CLI Usage¶
The Kreuzberg CLI provides command-line access to all extraction features. This guide covers installation, basic usage, and advanced features.
Installation¶
Feature Availability
Homebrew Installation:
- ✅ Text extraction (PDF, Office, images, 75+ formats)
- ✅ OCR with Tesseract
- ✅ HTTP API server (
servecommand) - ✅ MCP protocol server (
mcpcommand) - ✅ Chunking, quality scoring, language detection
- ❌ Embeddings - Not available via CLI flags. Use config file or Docker image.
Docker Images:
- All features enabled including embeddings (ONNX Runtime included)
- Use
kreuzberg/kreuzberg:fullfor LibreOffice support - Use
kreuzberg/kreuzberg:corefor smaller image without LibreOffice
Basic Usage¶
Extract from Single File¶
# Extract text content to stdout
kreuzberg extract document.pdf
# Specify MIME type (auto-detected if not provided)

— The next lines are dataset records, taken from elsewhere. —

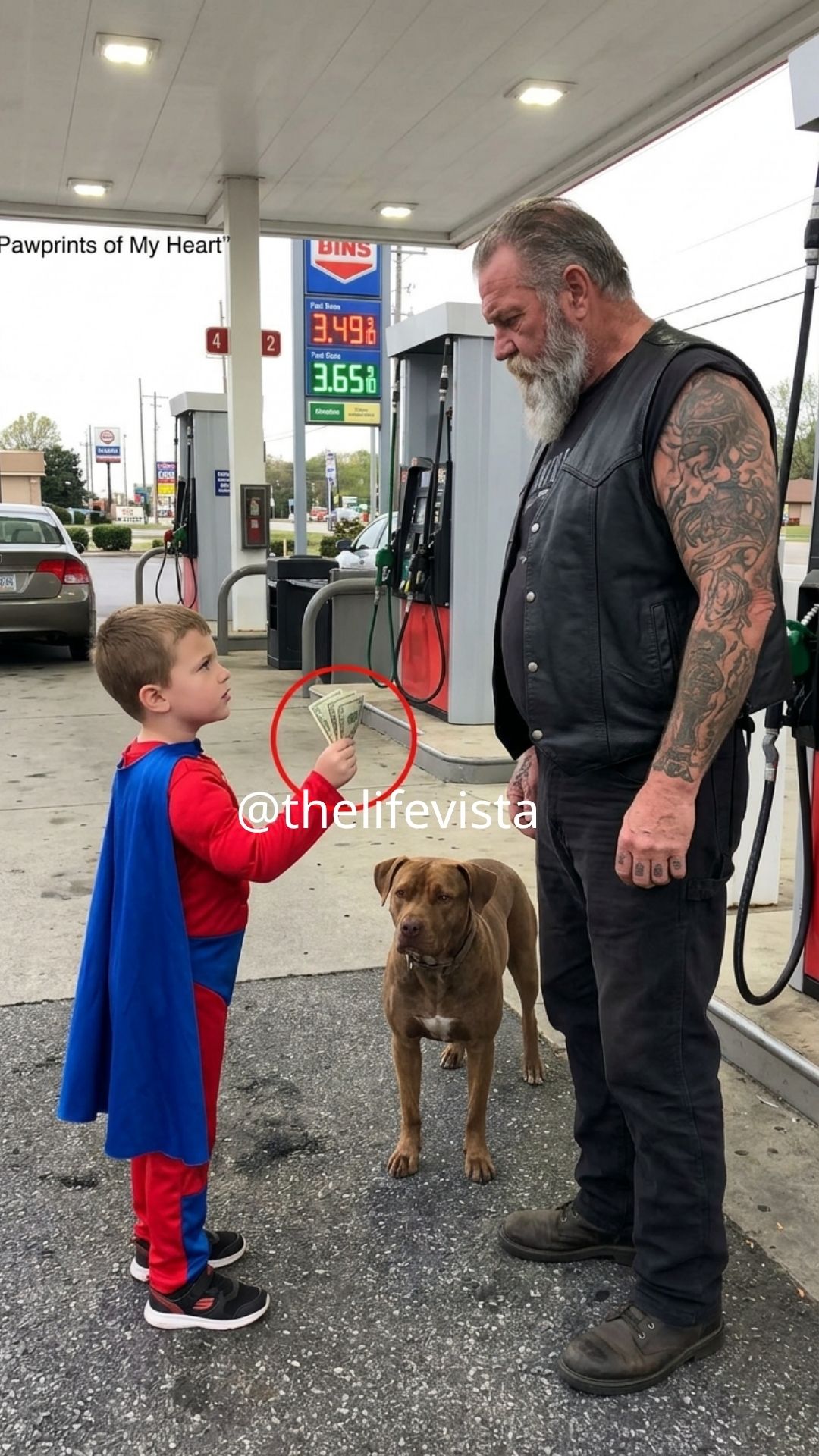 A dying 10-year-old boy handed me a crumpled $20 bill, begging my biker gang to adopt his scarred rescue pitbull and crash his funeral before his bullies ruined it, and I remember thinking that in all my decades of riding across this country I had never been hired for something so sacred or so heartbreakingly small. The kid practically fell out of the driver’s seat of the crookedly parked sedan, but before any of us could rush over, a massive, scarred pitbull leaped out and stood protectively over him, paws planted wide in the gravel like a seasoned bodyguard who had already seen too much of the world. The dog let out a low rumble, locking eyes with twelve heavily tattooed, leather-clad bikers as if weighing whether we were threat or family.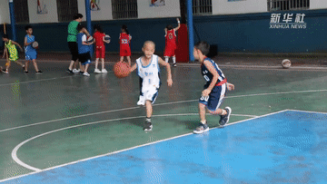 在贵州丹寨,“篮球少年”王阳在学校参加篮球训练。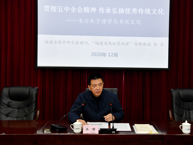 12月16日上午,校党委理论学习中心组扩大学习会在行政楼八楼会议室召开,邀请福建省闽学研究会顾问、“福建省高校思政课”特聘教授朱清作了题为《贯彻五中全会精神 传承弘扬优秀传统文化——刍论朱子理学与书院文化》专题辅导报告,校领导赖锦隆、廖景榕、张君诚、詹学齐到场学习。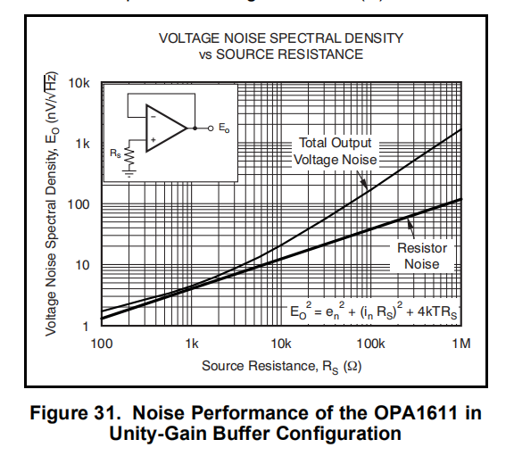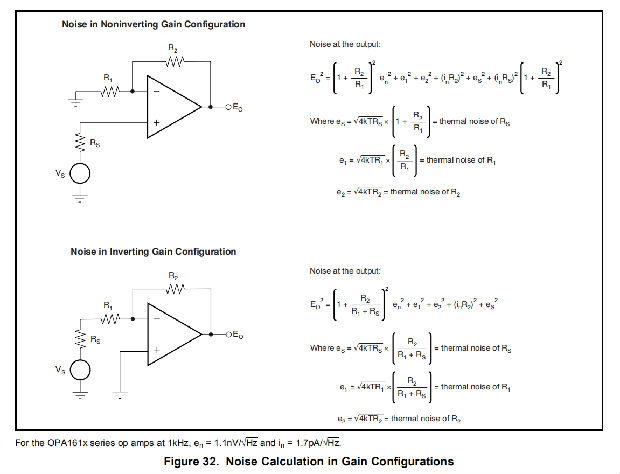 源阻抗的电阻部分产生与电阻平方根成比例的热噪声。图31描绘了这一点功能。The源阻抗通常是固定的;因此,选择运放和反馈电阻,以尽量减少各自对总噪声的贡献。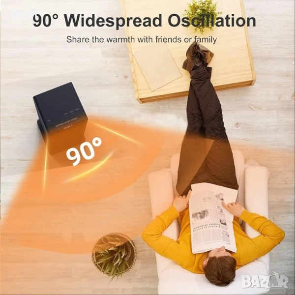 Електрическа 2000W, ECO вентилаторна печка, 90° осцилация, таймер, LED дисплей, термостат, дистанционно, 4 режима.

kreuzberg extract document.pdf --mime-type application/pdf
Batch Extract Multiple Files¶
Use the batch command to extract from multiple files:
# Extract from multiple files
kreuzberg batch doc1.pdf doc2.docx doc3.txt
# Batch extract all PDFs in directory
kreuzberg batch documents/*.pdf
# Batch extract recursively
kreuzberg batch documents/**/*.pdf
Output Formats¶
# Output as plain text (default for extract)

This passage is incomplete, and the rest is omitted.